§ **Source data**:
·····
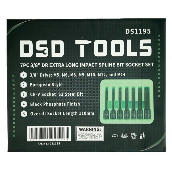 7PC 3/8″ DR EXTRA LONG IMPACT SPLINE BIT SOCKET SET DS1195
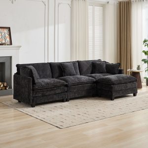 Wider Armrest 3 Seats Ottoman Is Not Included, Modern Sectional Couch, For Living Room Bedroom And Apartment, Comfy Double Layer Upholstered Seat Cushion, Breathable Chenille Fabric,Black,SW5044BK
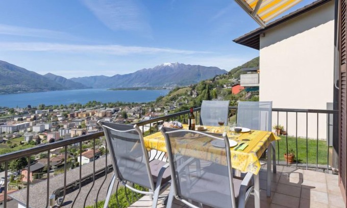 "Fontanella Amazingview", 3-room house 60 m2. Comfortable and cosy furnishings: living room with dining table and TV (flat screen). Exit to the balcony. 2 rooms, each room with 2 beds (90 cm, length 200 cm). Small kitchen (oven, toaster, kettle, grill, electric coffee machine, Capsules for coffee machine (Nespresso mitbringen) extra, fondue Set (cheese)). Shower/WC. Electric heating. Balcony. Deck chairs (2). Very beautiful panoramic view of the lake, the mountains and the countryside. Facilities: iron, children's high chair, baby cot for up to 2 year olds (extra), hair dryer. Internet (WiFi, free). Parking at the house. Please note: non-smokers only. Maximum 1 pet/ dog allowed. NL-00005244
·····
§ **Work instructions**:
Every line of the listing is to be repeated exactly, and the pictures are to be dropped.

§ **Solution for this task**:
 7PC 3/8″ DR EXTRA LONG IMPACT SPLINE BIT SOCKET SET DS1195
 Wider Armrest 3 Seats Ottoman Is Not Included, Modern Sectional Couch, For Living Room Bedroom And Apartment, Comfy Double Layer Upholstered Seat Cushion, Breathable Chenille Fabric,Black,SW5044BK
 "Fontanella Amazingview", 3-room house 60 m2. Comfortable and cosy furnishings: living room with dining table and TV (flat screen). Exit to the balcony. 2 rooms, each room with 2 beds (90 cm, length 200 cm). Small kitchen (oven, toaster, kettle, grill, electric coffee machine, Capsules for coffee machine (Nespresso mitbringen) extra, fondue Set (cheese)). Shower/WC. Electric heating. Balcony. Deck chairs (2). Very beautiful panoramic view of the lake, the mountains and the countryside. Facilities: iron, children's high chair, baby cot for up to 2 year olds (extra), hair dryer. Internet (WiFi, free). Parking at the house. Please note: non-smokers only. Maximum 1 pet/ dog allowed. NL-00005244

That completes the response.